Jaycee, thnx for the detailed response. Does it matter in this case that the people in question are not government employees, but contractors employed by an independent company?

Certainly the White House, the State Dept., and Blackwater have not responded along the same lines that you have.

jaycee

Let me add this link, a good explanation of Garrity protection:
http://www.worklaws.com/legal_articles/pdf/garrity_rights.pdf

Ed, in this case (I believe) BW is a contractor for the US State Dept. and is thus treated as an employee for supervision purposes. Security contractors in Iraq are under the strict control of Diplomatic Security Service (DSS) agents. DSS does not have enough agents to do the job which BW and other contractors do, and it would take years for DSS to build up to that strength. Therefore, they hire contractors. This is not a new program, DSS has used contractors for years including prior to the Iraq and Afghanistan wars. Another analogy would be security guards hired by a retail store. The guard's actions become liabilities for the retail store as the guards are acting as agents of the store. Same here, I believe. (I did stay at a Holiday Inn Express last night!)
The story you quote begins with a misstatement of fact and proceeds to builds on it. The assumption is that State Dept. gave immunity but didn't have authority. The State Dept. says they are not authorized to give immunity; they don't and they haven't. The State Dept. apparently did an internal investigation and questioned contractors under the protection of Garrity, it did not give immunity. Everything is slanted in such a manner as to make the reader believe "immunity" was given when in fact it was not. But it does give the Dems another "scandal" to throw at the Bush administration in hopes that this one will, finally, stick.
Many people, including (apparently) the first poster on this thread, assume that what is written in a news story is the truth and that the government must defend itself and dissuade the reader from what he already "knows" is the truth. Legal issues are often complex and rarely reported accurately by some idiot reporter. And when you have politicos like Leahy and Waxman piling on and further distorting the truth...well, anything's likely.

jaycee

http://news.yahoo.com/s/ap/20071030/ap_on_go_ca_st_pe/blackwater_prosecutions
This is another article that goes into a bit more detail on what "immunity" was given to BW contractors. It's just basic Garrity rights used in an internal investigation.
The Constitution prevents the police from using forced confessions in court. It doesn't matter whether the police or another gov't agency "forced" the confession, it's still inadmissible.
In other words, the FBI is in exactly the same position as it is in every investigation, government employee or not: It must gather it's evidence according to law and legal protections. Forced confessions/admissions can't be used in court.
That DSS gathered statements from BW employees under Garrity protection neither hinders nor helps any police investigation.

Ed Cone

See update to original post.

It occurs to me that any claims of immunity most likely did not originate with Congress, but with the suspects and their lawyers, no?

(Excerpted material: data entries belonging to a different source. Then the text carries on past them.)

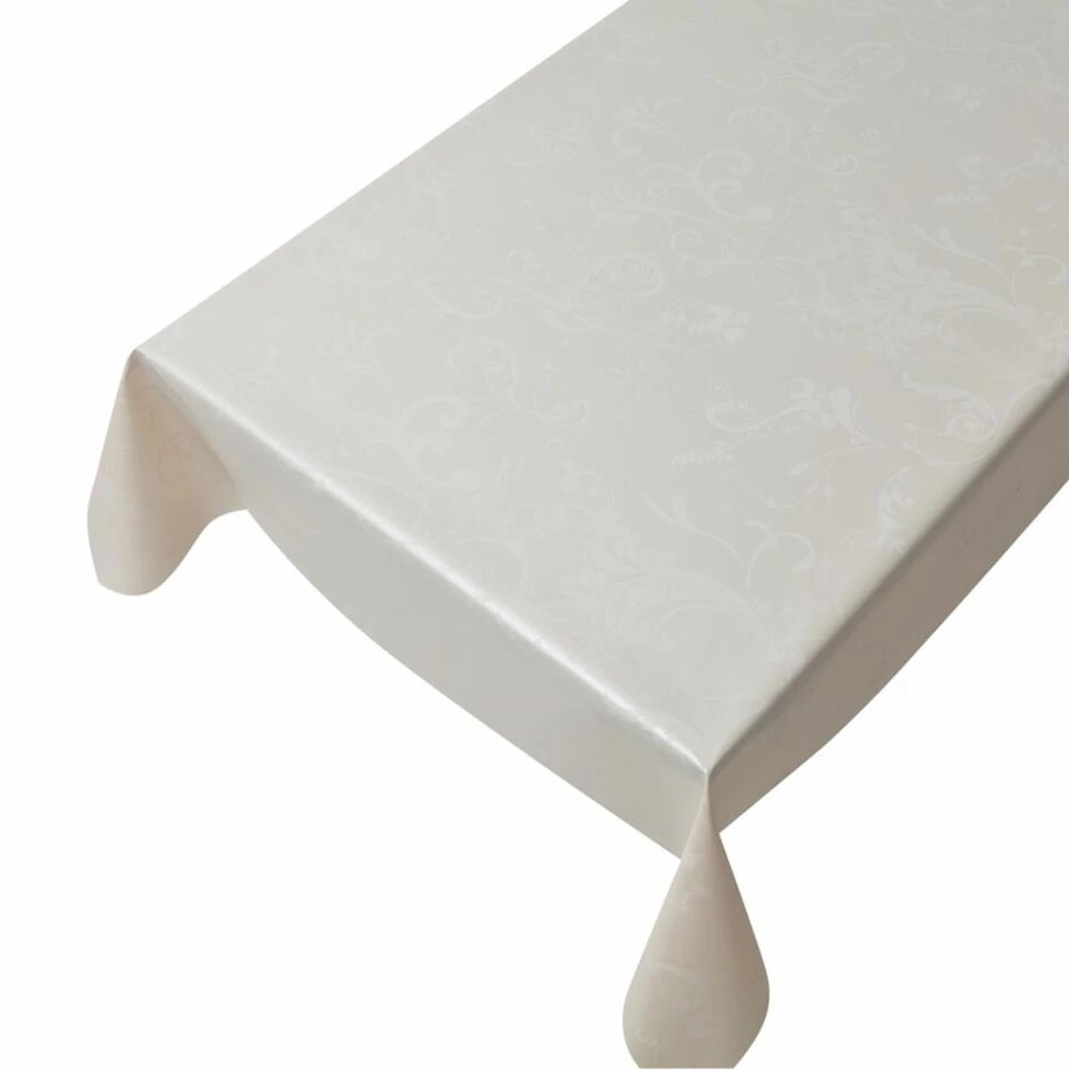 Buiten tafelkleed/tafelzeil champagnekleurig met barok motief voor binnen en buiten gebruik. Tafeldecoratie zeil in champagnekleur met barok print. Afmeting: 140 x 245 cm. Materiaal: PEVA. Type: Swirl baroque white. Enkel afnemen met een vochtige doek, geen schoonmaakmiddel. Tuintafelkleden tafeldecoraties.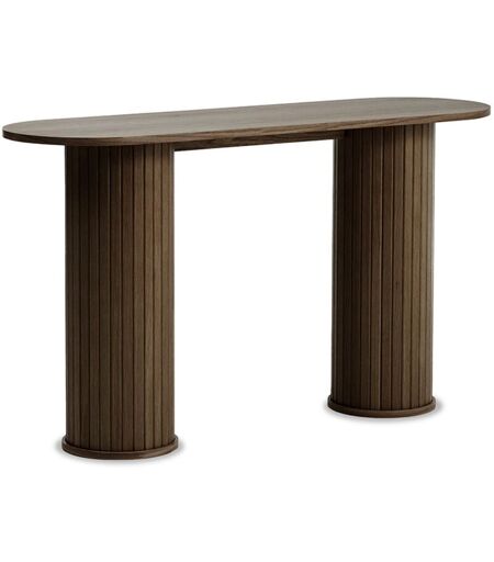 Adoptez la console en bois strié pour meubler un couloir, un hall d'entrée, un bureau ou une chambre. Les pieds de cette console présentent un effet "bloc" très tendance. Cette console design appartient à la collection Alba, qui se décline en bois naturel, en bois foncé ou noir. Points forts : Effet bois strié Pieds "massifs" originaux Caractéristiques Générales : Largeur : 130 cm Hauteur : 75 cm Profondeur : 40 cm Poids : 25 kg ...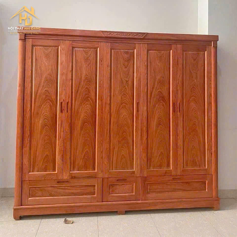 Tủ áo 5 cánh phủ hương đá này được chế tác từ gỗ hương đá cao cấp, mang lại vẻ đẹp sang trọng và bền bỉ. Thiết kế 5 cánh mở kết hợp với ngăn kéo dưới giúp bạn sắp xếp quần áo và vật dụng gọn gàng, tiện lợi. Bề mặt gỗ bóng loáng và màu nâu tự nhiên tinh tế, dễ dàng kết hợp với các nội thất khác trong phòng ngủ. Sản phẩm không chỉ bền chắc mà còn tạo điểm nhấn sang trọng, mang đến không gian phòng ngủ ấm cúng và tiện nghi.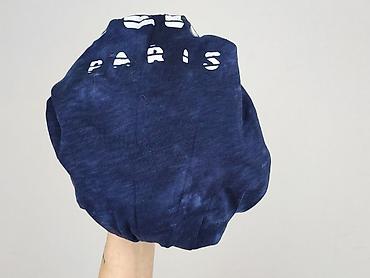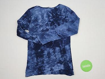 Granatowa bluzka damska z długim rękawem, rozmiar S. - Nadruk w motywy kosmiczne: słońca, księżyce, gwiazdy i chmury w odcieniach niebieskiego i srebra. - Okrągły dekolt. - Prosty fason, lekko wyd...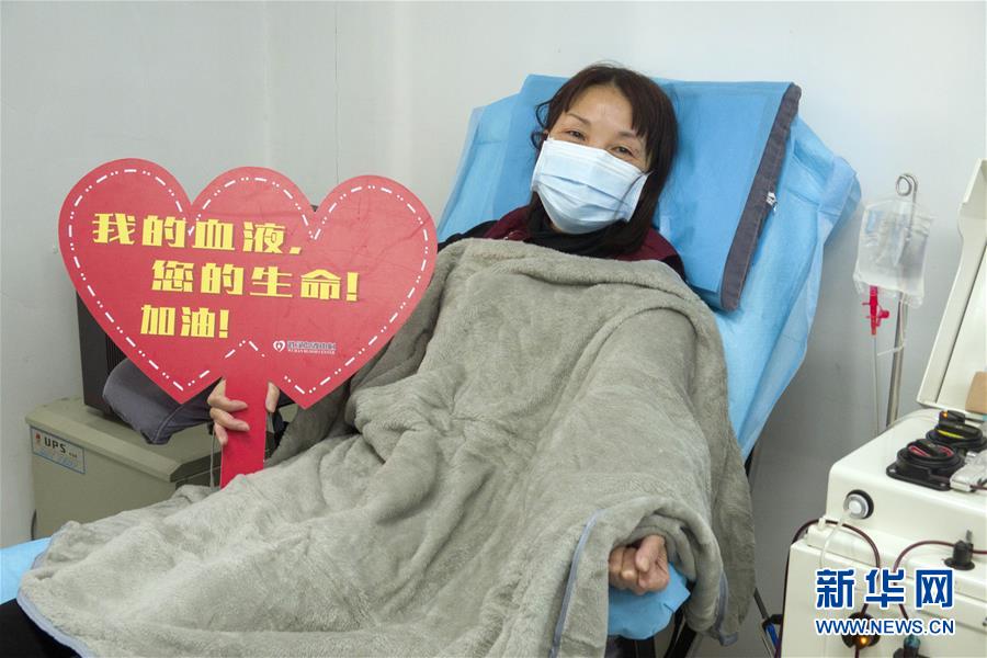 在武漢血液中心的中國(guó)醫(yī)學(xué)科學(xué)院CPnCoV項(xiàng)目組,康復(fù)病人、來(lái)自漢口醫(yī)院的護(hù)士蔡桃英在獻(xiàn)血漿時(shí)拍照留念。她說(shuō)同事們都在一線忙碌,她獻(xiàn)血漿后,再休息幾天就準(zhǔn)備回到崗位上班,她說(shuō)自己感染是由于早期防護(hù)不足經(jīng)驗(yàn)不夠造成的,再次回到工作崗位一定沒(méi)有問(wèn)題(2月17日攝)。 新華社記者 才揚(yáng) 攝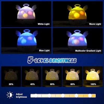 Ritual Nocturno Personalizado: Cuatro suaves colores de luz y cinco niveles de brillo ajustables crean un acogedor ambiente pre-sueño. Equipada con 20 suaves canciones de cuna, nuestra lampara niños dormir proporciona una atmósfera cómoda y cálida adecuada para la iluminación y música de fondo de cuentos antes de dormir

Interesting to see how this plays out.

jaycee

I believe those "claims" originated with news reporters who had no idea what the hell they were talking about.
A little bit of knowledge is often dangerous.

Ed Cone

From the Washington Post article: "Some of the Blackwater guards have subsequently refused to be interviewed by the FBI, citing promises of immunity from State, one law enforcement official said...Several of the Blackwater personnel, however, asserted that they had already told their stories, under immunity grants from the State Department, and declined FBI interviews that could be used against them, law enforcement officials said."

jaycee

I think many (BW guys, reporters, the public) are confusing Garrity protection with "immunity." Not synonymous.
"Refusing" to incriminate oneself in an interview with the FBI is an exercise of one's 5th Amendment right.
Hopefully they've retained lawyers. If I were a political pawn in a bullshit case like this I'd sure hire one.